Oren Dror, qui a fondé et possède la boutique, est un homme léger et énergique avec des yeux hyper alerte et un sourire contagieux. Il est arrivé à Berlin de Tel-Aviv il y a 14 ans. Lui et son ami avaient en fait l’intention de s’envoler pour Amsterdam après une brève escale. Mais il est resté coincé à Berlin parce que son ami est tombé amoureux d’un Berlinois et lui-même n’avait pas d’adresse à Amsterdam.

Ainsi, Dror, avec des collègues du Ghana, du Maroc et de Turquie, a réussi à joindre les deux bouts en tant que lave-vaisselle et serveur dans le quartier de Mitte à Berlin. À l’époque, à cause de son teint légèrement plus foncé et de son allemand cassé, ses clients lui posaient souvent la « question compréhensible, mais terrible » : d’où venez-vous ? On l’avait tour à tour confondu avec un marocain, un arabe ou un italien. Quand il leur a dit qu’il était Israélien, certains Allemands avaient avoué qu’il était le premier juif qu’ils aient jamais rencontré.

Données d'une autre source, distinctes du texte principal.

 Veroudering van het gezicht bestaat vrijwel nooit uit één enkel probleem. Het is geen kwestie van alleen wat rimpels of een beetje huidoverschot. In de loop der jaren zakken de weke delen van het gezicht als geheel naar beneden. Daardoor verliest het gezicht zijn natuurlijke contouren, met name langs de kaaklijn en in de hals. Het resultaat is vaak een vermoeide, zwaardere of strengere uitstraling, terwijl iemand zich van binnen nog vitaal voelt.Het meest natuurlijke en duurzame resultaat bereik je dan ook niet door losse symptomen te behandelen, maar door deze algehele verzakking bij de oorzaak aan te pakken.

« C’était comme ça il y a 14 ans, mais c’est fini maintenant », dit Dror, expliquant que des milliers d’Israéliens vivent dans la ville aujourd’hui. Lorsque les bars de plage ont ouvert leurs portes sur les rives de la rivière Spree et que de nouveaux bars dans lesquels les gens buvaient des cocktails à haute teneur l’estomac vide ont poussé partout, il a commencé à vendre des bretzels mous en tant que vendeur ambulant. Grâce aux contacts qu’il a noués à l’époque, il s’est constitué un réseau pour son service de livraison et sa boutique. Il constate avec fierté qu’il compte désormais de nombreux Allemands du sud notamment parmi ses clients réguliers. Certains viennent de Bavière et disent toujours que les bretzels y ont été inventés. D’autres viennent de Souabe et font exactement la même affirmation. Mais les deux groupes lui assurent toujours que ses bretzels sont aussi bons que ceux de chez lui.

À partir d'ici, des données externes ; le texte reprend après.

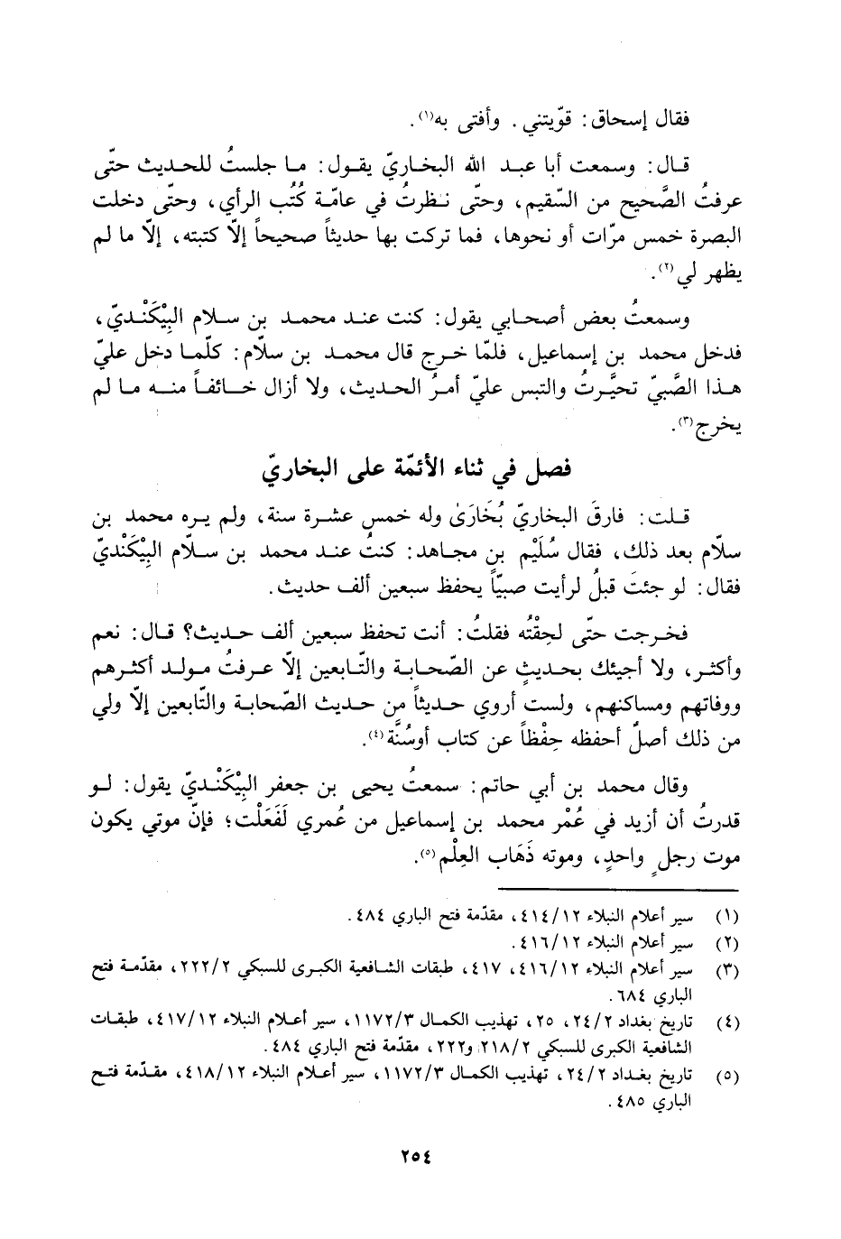 فصل فِي ثناء الأئمّة عَلى الْبُخَارِيّ قلت: فارقّ الْبُخَارِيّ بخاري وله خمس عشرة سنة، ولم يره محمد بْن سلَام بعد ذَلِكَ، فقال سُلَيْم بْن مجاهد: كنتُ عند محمد بْن سلَام البِيكَنْديّ فقال: لو جئت قبلُ لرأيت صبيًّا يحفظ سبعين ألف حديث.
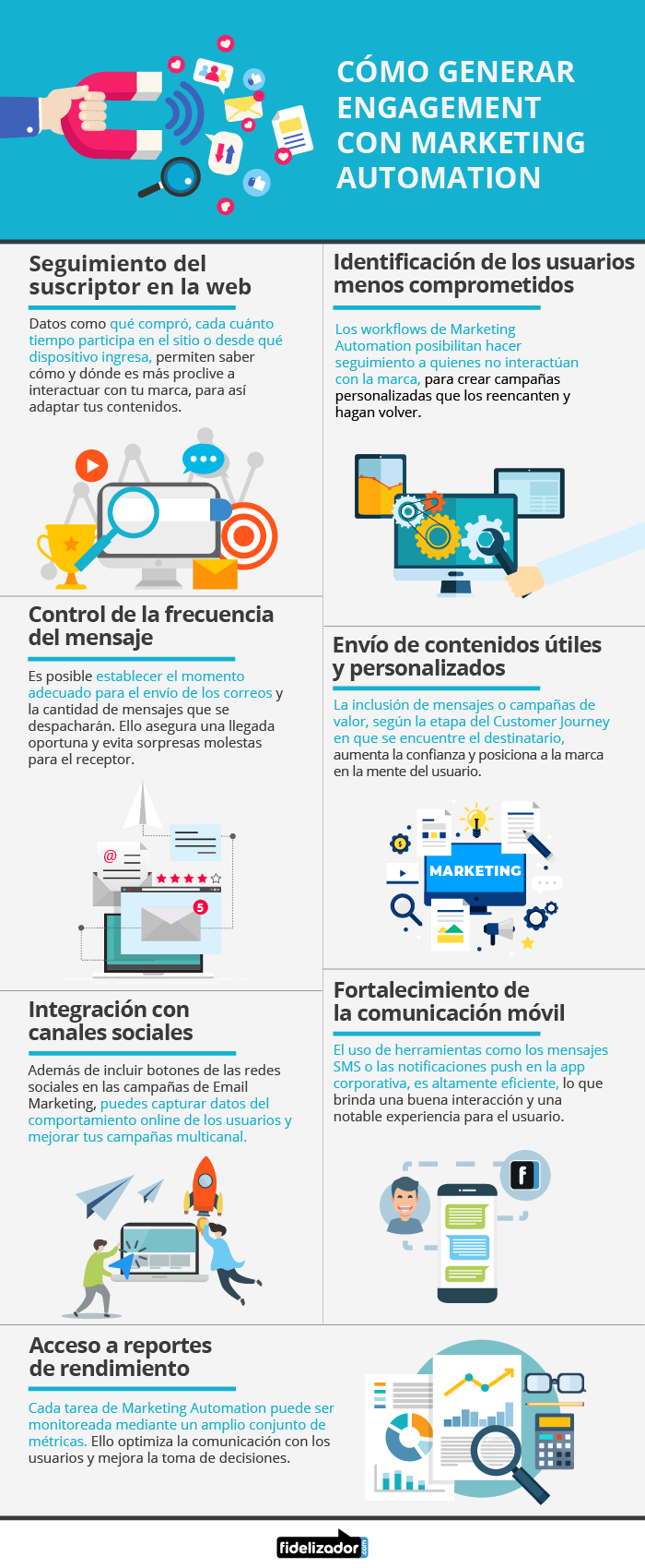 Una infografía sobre Cómo generar engagement con Marketing Automation. Vía Fidelizador
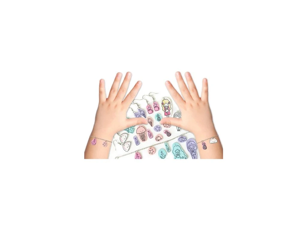 Vytvořte si vlastní veselé náušnice, přívěsky a náramky ze smršťovací (shrink) fólie. Stačí motiv nakreslit podle šablony nebo z fantazie, vystřihnout a zapéct v elektrické troubě – výřez se zmenší přibližně na polovinu a zpevní, takže vznikne krásný, odolný přívěsek připravený k nošení. Ideální kreativní aktivita pro děti od 7 let – rozvíjí jemnou motoriku, trpělivost a kreativitu.
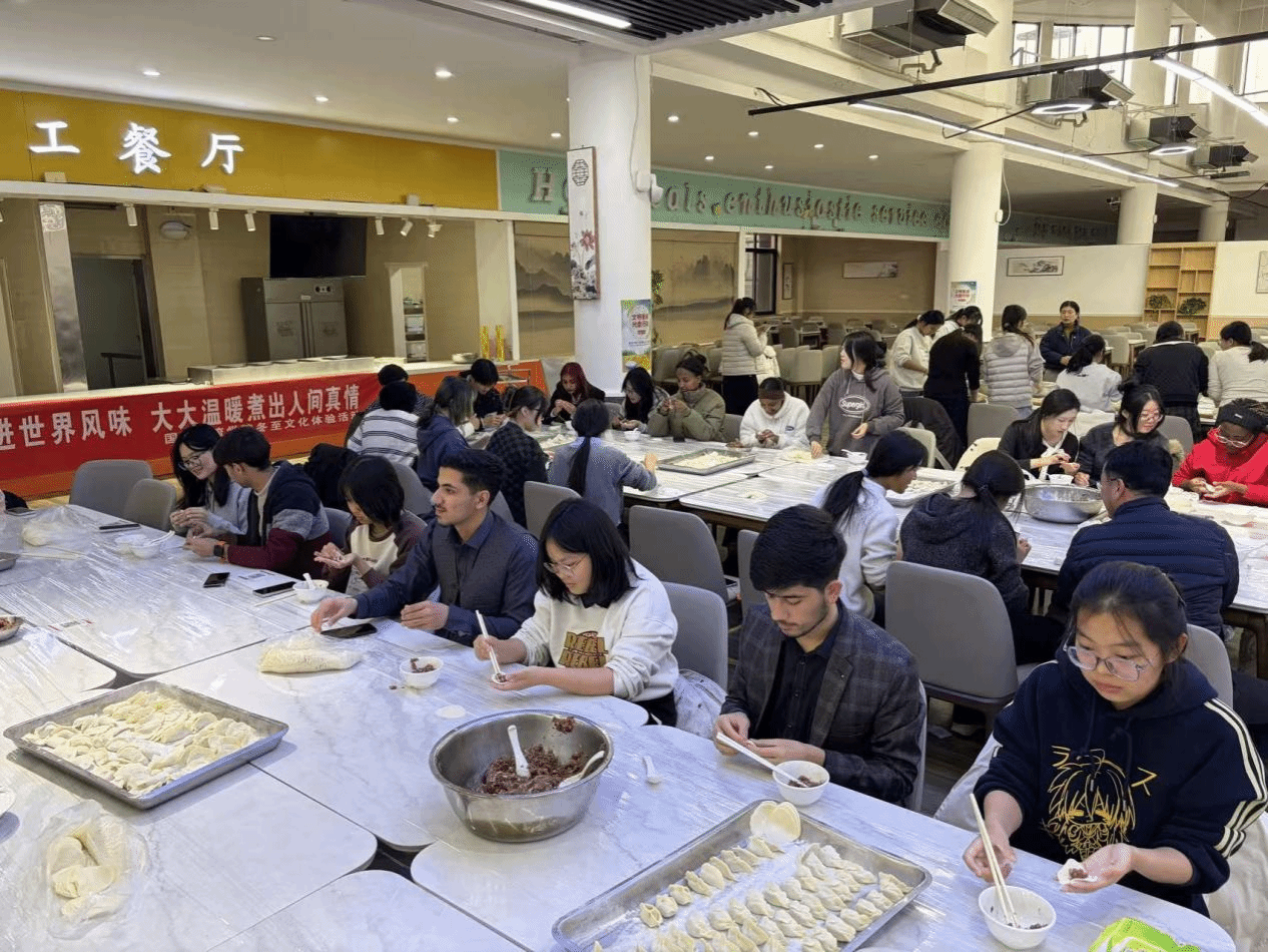 12月20日下午,国际交流学院举办冬至包饺子文化交流活动。中外师生齐聚一堂,通过亲手包制中国传统美食,共同感受冬至节气的独特魅力,促进了跨文化交流与友谊。活动现场气氛热烈,欢声笑语不断。师生们主动担当起“文化使者”和“技术指导”,从擀皮、放馅到捏边,一步步向来自不同国家的留学生们耐心演示饺子的制作技巧。国际学生们认真观摩,积极尝试,从最初的手法生疏、饺子形态各异,到逐渐掌握要领、包出有模有样的饺子,整个过程中充满了互助与学习的热情。...

« Alors, de lave-vaisselle à millionnaire à Berlin ? » Je demande. « De lave-vaisselle à homme très heureux », me corrige Oren Dror. Il n’est pas millionnaire, bien sûr, et il n’aspire pas à le devenir. C’est pourquoi il n’a aucun intérêt à s’étendre ; son service de livraison et sa boutique, qui emploient désormais une dizaine de personnes, lui suffisent.

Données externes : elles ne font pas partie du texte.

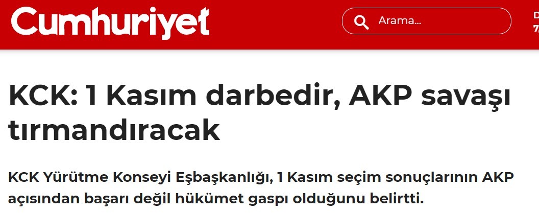 Cumhuriyet, 1 Kasım seçimlerinde halkın iradesine başkaldıran KCK adlı terörist oluşumun açıklamasını manşetinden şöyle veriyor: 'KCK: 1 Kasım darbedir, AKP savaşı tırmandıracak'
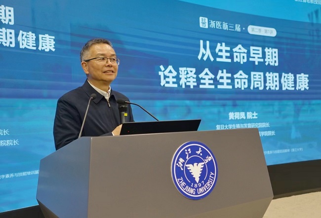 中國(guó)科學(xué)院院士、復(fù)旦大學(xué)生殖與發(fā)育研究院院長(zhǎng)、浙江大學(xué)“一帶一路”國(guó)際醫(yī)學(xué)院院長(zhǎng)黃荷鳳作了《從生命早期詮釋全生命周期健康》科普?qǐng)?bào)告。杭州市西湖區(qū)三墩鎮(zhèn)水秀苑社區(qū)黨總支書(shū)記梁小平組織社區(qū)居民走進(jìn)浙江大學(xué)紫金港校區(qū)智云報(bào)告廳,面對(duì)面聆聽(tīng)黃院士講課。
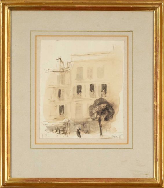 ‡ FELIKS TOPOLSKI (1907-1989) ink & wash - 'Paris Lost', titled on gallery label verso, signed, 22 x 30cmsProvenance: With Rutland Gallery, London, exhib. Nov-Dec 1973, no. 156; private collection NewportComments: W
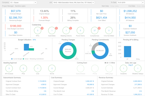 Easily compare original and current estimates, review actual and anticipated costs, and pending items to keep projects on track.
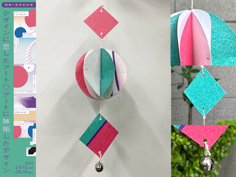 に嫉妬したデザイン」の垂れ幕を、風に揺れる姿が涼しげな「ハニカムボール風鈴」にアップサイク
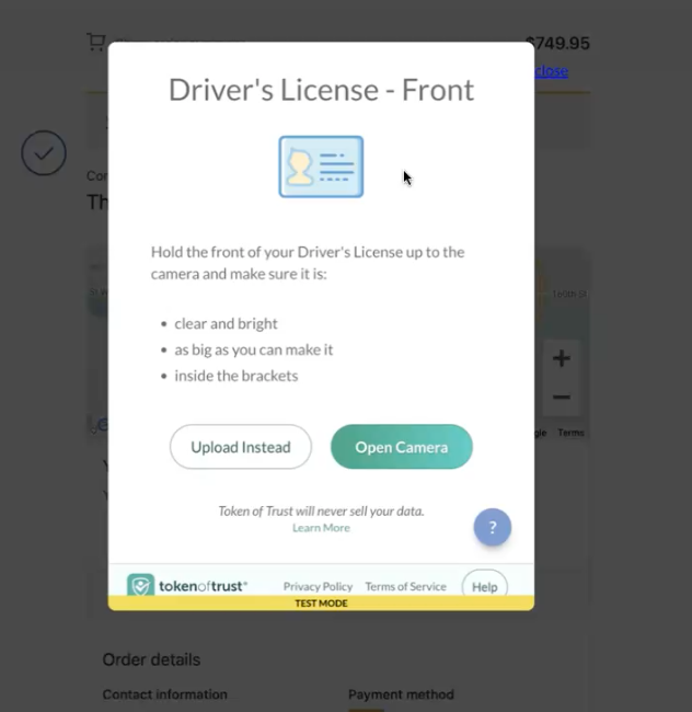 Customers who complete a purchase will now be prompted to submit their information for verification on the thank you page:
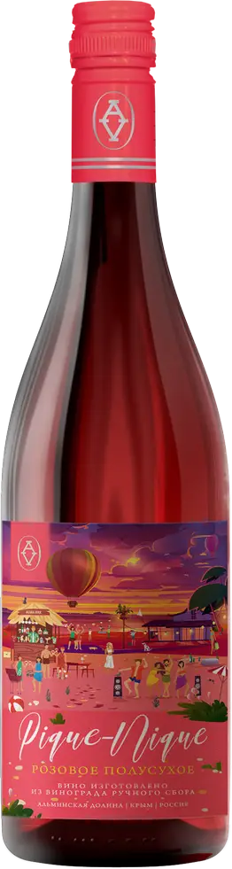 Розовое полусухое вино Alma Valley, Pique-Nique, Rose изготавливается из винограда сортов Каберне Совиньон, Саперави и Сира, выращиваемого в Альминской долине в Западном Крыму. Холодная мацерация до 2 суток, ферментация в емкостях из нержавеющей стали при контролируемой температуре. Остановка ферментации холодом. Это вино — воплощение хитов Боба Марли о солнце и радостях жизни. Сотканное из нежных нот нектарина, слив, черной смородины и фиалки, оно призывает забыть о заботах и, наконец, отдохнуть.
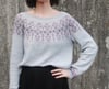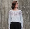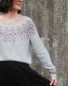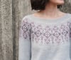 Ashmore features delicate colourwork inspired by the concentric pressed flower art by Jennie Ashmore. This design is the first in the Organic Collection, a series of colourwork designs that are inspired by shapes found in the natural world and by artists who explore and celebrate nature in their own work.
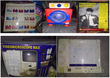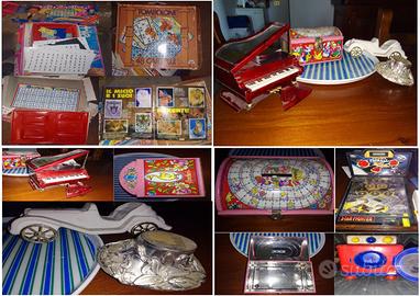 Statuetta apribile grande Jafar Disney Aladdin anni 90; chalet Barbie della Mattel in scatola originale coi componenti casa anni 80; scatole Tombola e Ruota della Fortuna con all’interno alcune parti anni 90;raro modello grande auto d’epoca per collezionismo anni 70 ben conservato salvo una ruota mancante,cura dettagli auto storica;raro carrion pianoforte anni 80 tenuto bene funzionante,meccanismo,musica, bella melodia;rarissimo scrigno portagioie salvadanaio d’epoca con chiusura tutto originale Sperlari anni 60,bellissime rifiniture artigianali,personaggi,storie,gioco dell’oca,conservato bene,raro,basamento artigianale color argento decorato anni 80;album quasi completo Le figurone Animali e Cuccioli anni 90;pagina album Panini maglie serie A anni 90;videocassette originali cartoni anni 90 incluse prime 2 puntate Dragon Ball GT quando GT non era in tv;cartella Cavalieri dello Zodiaco e fascicoli riviste tatuaggi ecc nuovi imballati mai aperti inclusa penna;cruci comics Batman non usato senza compilazioni né scritte;altri giochi vintage da sistemare,lavatrice,lavagna ecc; microscopio Videomicroscope Max ottimo stato anni 80 funzionante coi componenti strumenti in scatola originale;flipper ottime condizioni funzionante anni 90 Star Fighter Arcade Electronic LCD Pinball elettronico portatile luci e suoni tema spaziale, tabellone segna punti,interruttore on/off,schermo lcd,punteggio automatico,pulsante accendi/spegni e reset;storici videogiochi console Xbox 360 primi anni 2000 e console Game Player Console dei primi 90 con joystick vintage incluso, Xbox col proprio lettore cd dvd rom drive,ventolina aggiuntiva..probabilmente funzionanti ma nn essendo esperto le cedo come nn funzionanti x collezionismo,riutilizzo,rivendita,ricambi ecc;manuali fascicoli garanzia Nintendo;radio stereo karaoke AM/FM anni 90,casse,phones,2 piastre lettore musicassetta,registrazione e karaoke,portamicrofono incorporato e con microfono,da verificare.Tutt in blocco 180€ o singoli;posso spedire
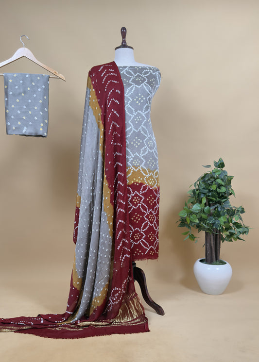 Heer Gray Pure Gajji Silk Bandhani Suit With Gold Lakdi Patta
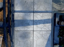 Далее мы покрыли участок бетонной плиткой, предварительно установив столик и лавочку.
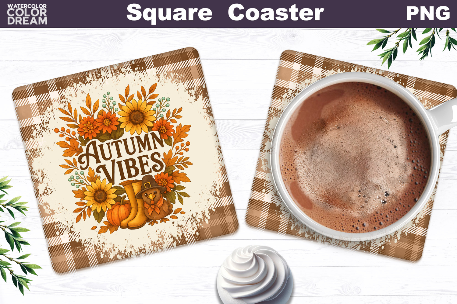 Thanksgiving Square Coaster | Autumn Vibes Sublimation example image 1

Je demande si quelqu’un l’a déjà insulté dans sa boutique parce qu’il est juif. Il secoue la tête. La seule chose qui s’est jamais produite, c’est que quelqu’un a un jour gratté les mots « Attention, juif ! » et une croix gammée sur l’une des tables. Il a pris une photo du gribouillage et l’a posté en ligne. Des centaines d’expressions de solidarité ont immédiatement afflué des quatre coins du quartier. Cela l’a fait se sentir mieux et a confirmé son sentiment que Berlin était sa deuxième maison.

Et que pense-t-il des critiques que le ministre israélien des Finances, Yair Lapid, a adressées il y a quelque temps aux jeunes Israéliens sur Facebook ? Il avait « peu de patience », a écrit le ministre, « pour les gens qui sont prêts à jeter à la poubelle le seul pays que les Juifs ont, parce que c’est plus confortable à Berlin ».

– C’est un idiot, répond Dror. «Il est assis là dans son fauteuil au ministère et n’a aucune idée de ce à quoi ressemble la vie des jeunes en Israël qui doivent occuper deux emplois pour payer la nourriture et le loyer. Comme toute autre personne, je veux avoir le choix, et je me sens bien dans cette ville. Berlin est une niche unique en son genre, une oasis pas comme les autres au monde. Où les gens vous laissent tranquille, où vous pouvez être comme vous le souhaitez. Où vous pouvez respirer librement et vraiment remplir vos poumons d’air quand vous le faites.

Traduit de l’allemand par Sophie Schlondorff. ‘Berlin Now: The Rise of the City and the Fall of the Wall’ de Peter Schneider est publié par Penguin.